Photovoltaïque La technologie, le plus souvent considérée comme les panneaux solaires volumineux utilisés dans les fermes solaires, devrait devenir une source d’énergie dominante d’ici 2050. Mais ces panneaux sont souvent installés sur des terres qui pourraient autrement être utilisées pour faire pousser des cultures destinées à nourrir une population en plein essor.

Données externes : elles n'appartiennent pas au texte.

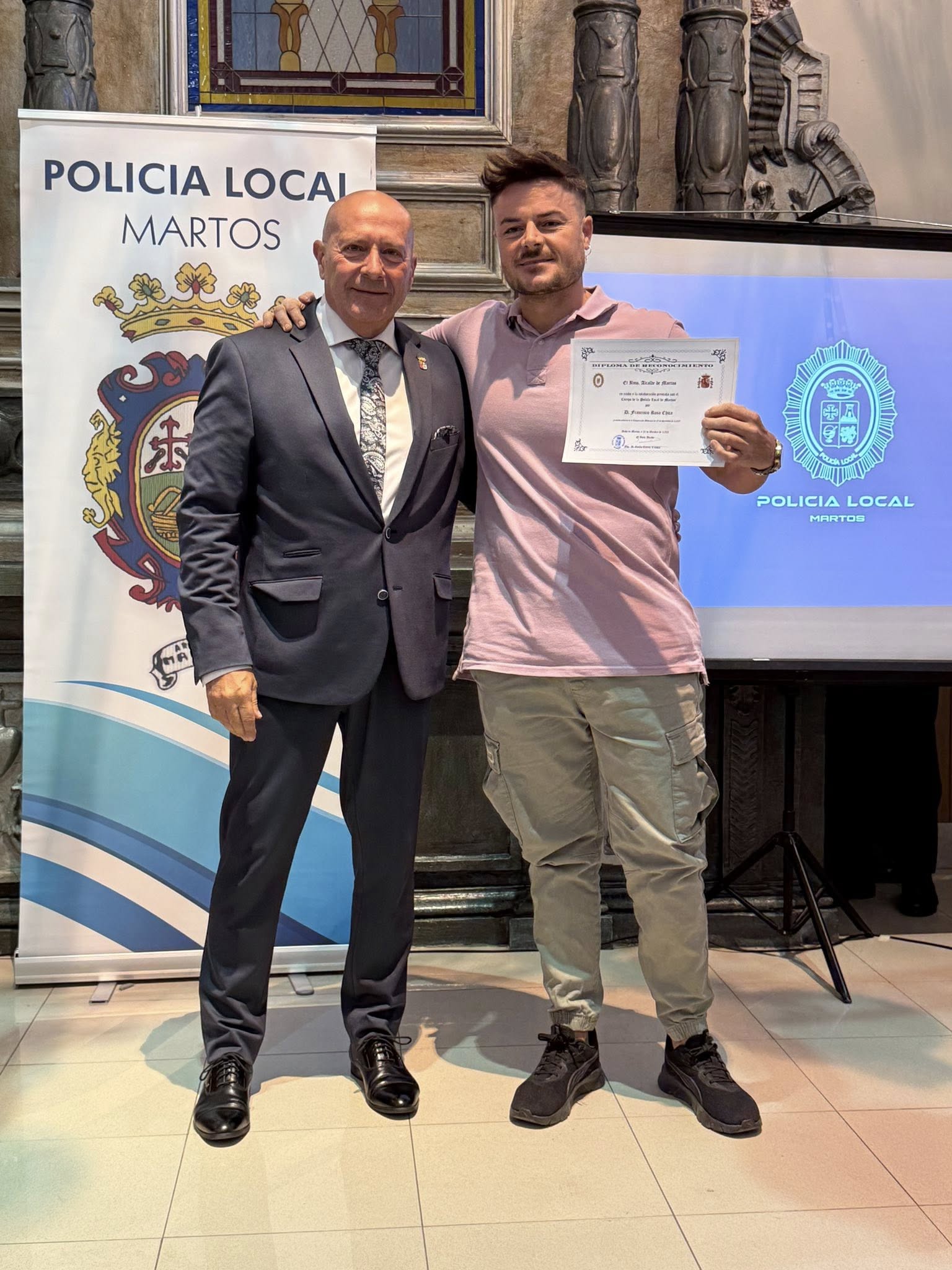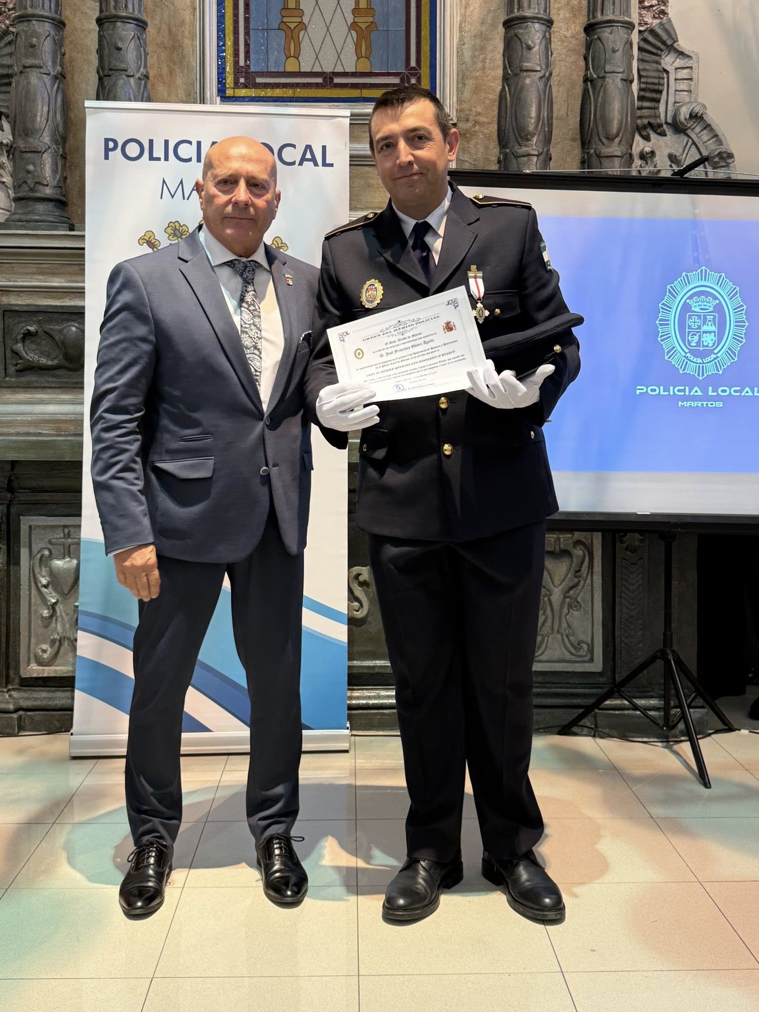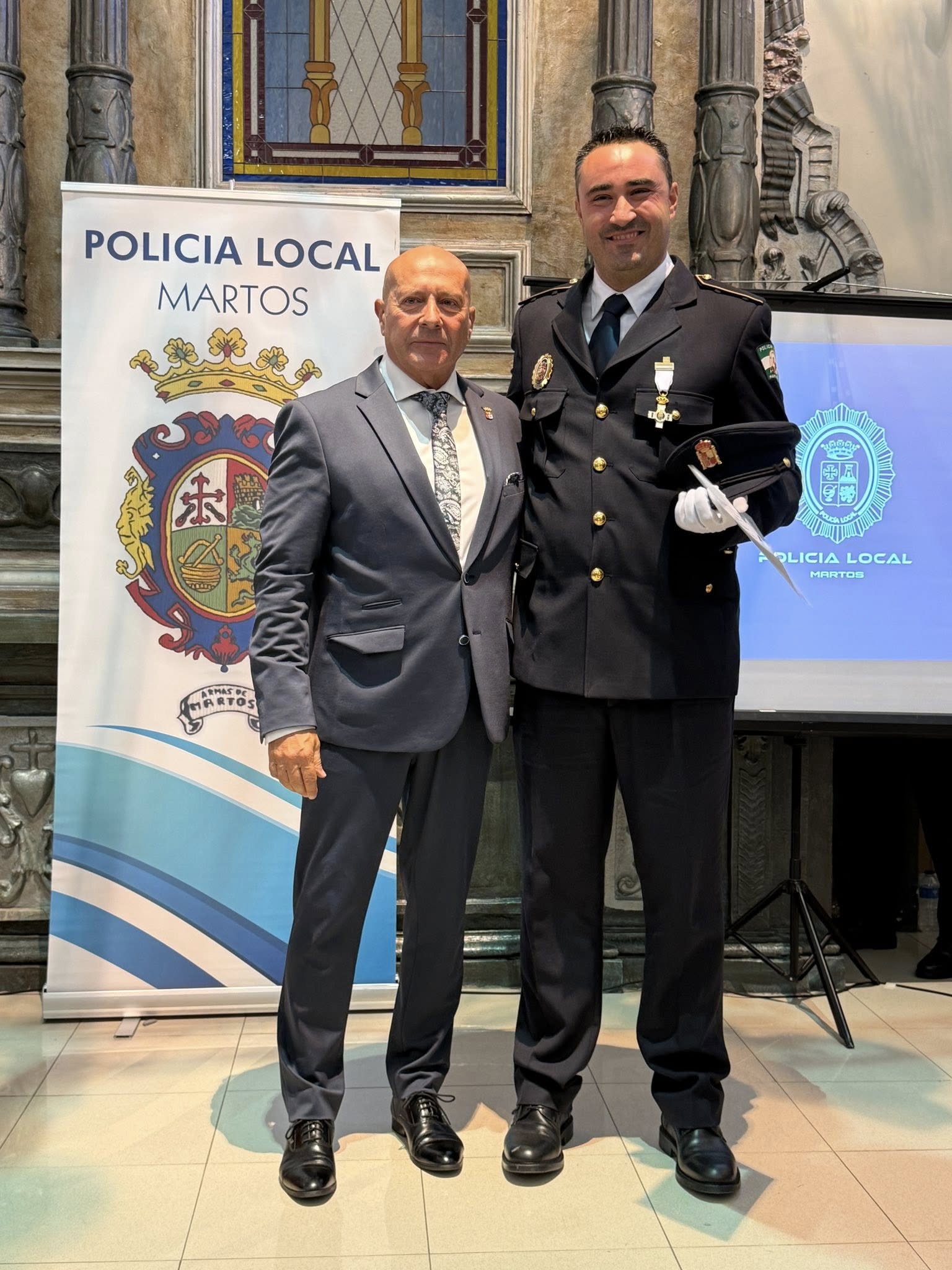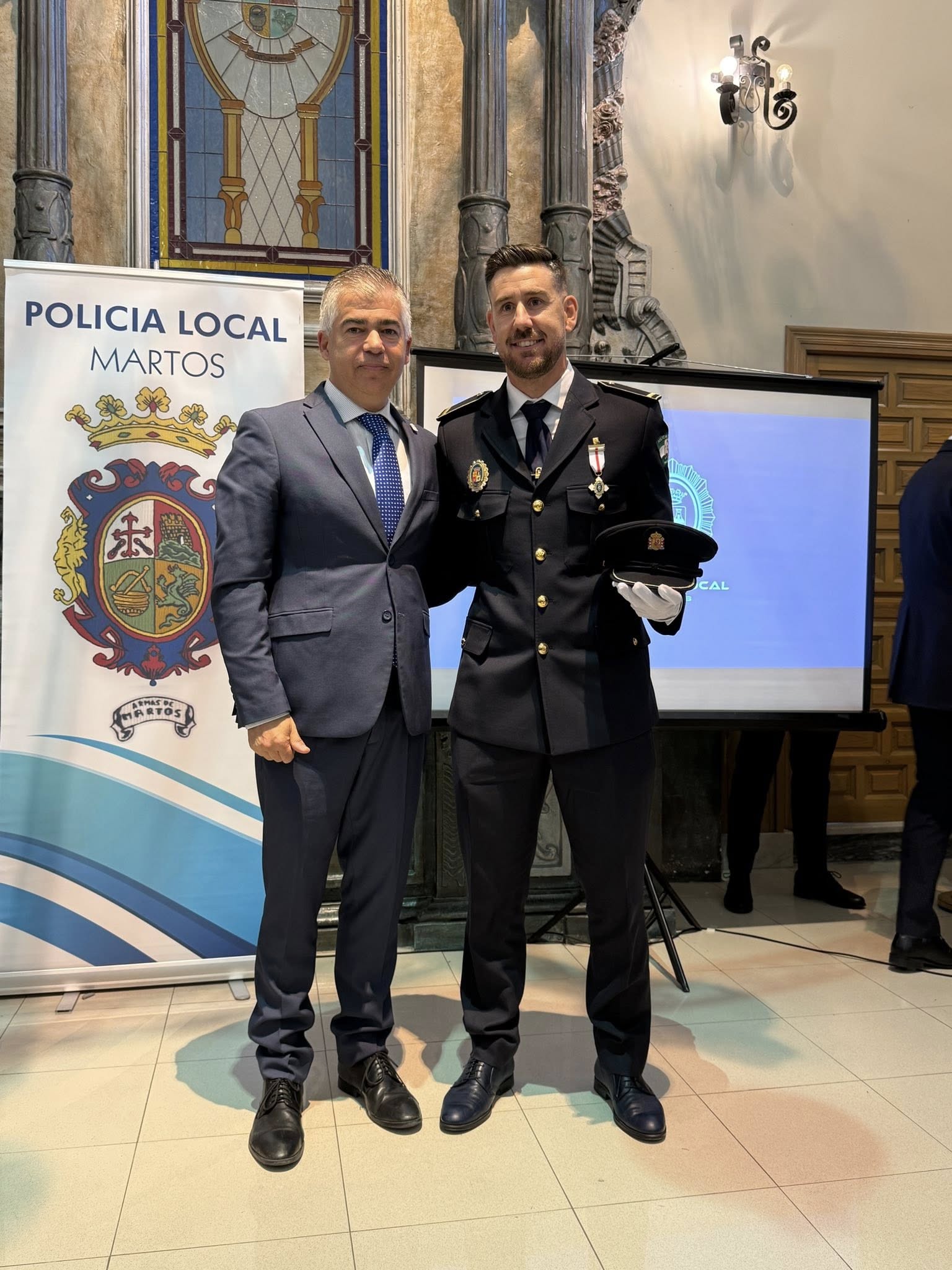 La ceremonia, enmarcada en la festividad de los Santos Ángeles Custodios, patrón de la Policía Local, ha tenido lugar en la Sala Cultural de San Juan de Dios y ha estado presidida por el alcalde de Martos, Emilio Torres; el concejal de Seguridad Ciudadana, Manolo Cortés; y el jefe de la Policía Local, Rafael González

Agrivoltaïque vise à résoudre ce problème en plantant des cultures autour ou sous des rangées de panneaux solaires, permettant une utilisation plus efficace des terres. Dans des études précédentes, il a été démontré que les panneaux solaires aidaient à ombrager et à protéger certaines cultures, ainsi qu’à augmenter l’humidité du sol, ce qui suggère que des systèmes soigneusement conçus pourraient soutenir à la fois l’agriculture et la production d’énergie propre.
Les recherches agrivoltaïques existantes ont cependant tendance à se concentrer sur un aspect de ce processus à la fois – par exemple, la disponibilité de la lumière ou la croissance des cultures – plutôt que d’aborder les interactions nuancées entre les microclimats, le type de culture, la lumière et le type de panneau. Hosseini et coll. partagent un nouveau modèle capable de simuler les microclimats sous les panneaux solaires et même de répondre au stress thermique auquel les travailleurs pourraient être confrontés dans des conditions réelles.
Le nouveau modèle simule les interactions entre les panneaux solaires, les cultures, le mouvement du sol, de l’air et de l’eau et l’absorption du dioxyde de carbone en suivant la manière dont l’énergie, l’élan et la masse se déplacent dans le système agrivoltaïque. Les chercheurs ont utilisé des données de sites agrivoltaïques, notamment des mesures de température des feuilles prises à Davis, en Californie, et des températures du sol prises à Chicago, au Minnesota, pour évaluer dans quelle mesure les efforts du modèle correspondaient aux conditions réelles.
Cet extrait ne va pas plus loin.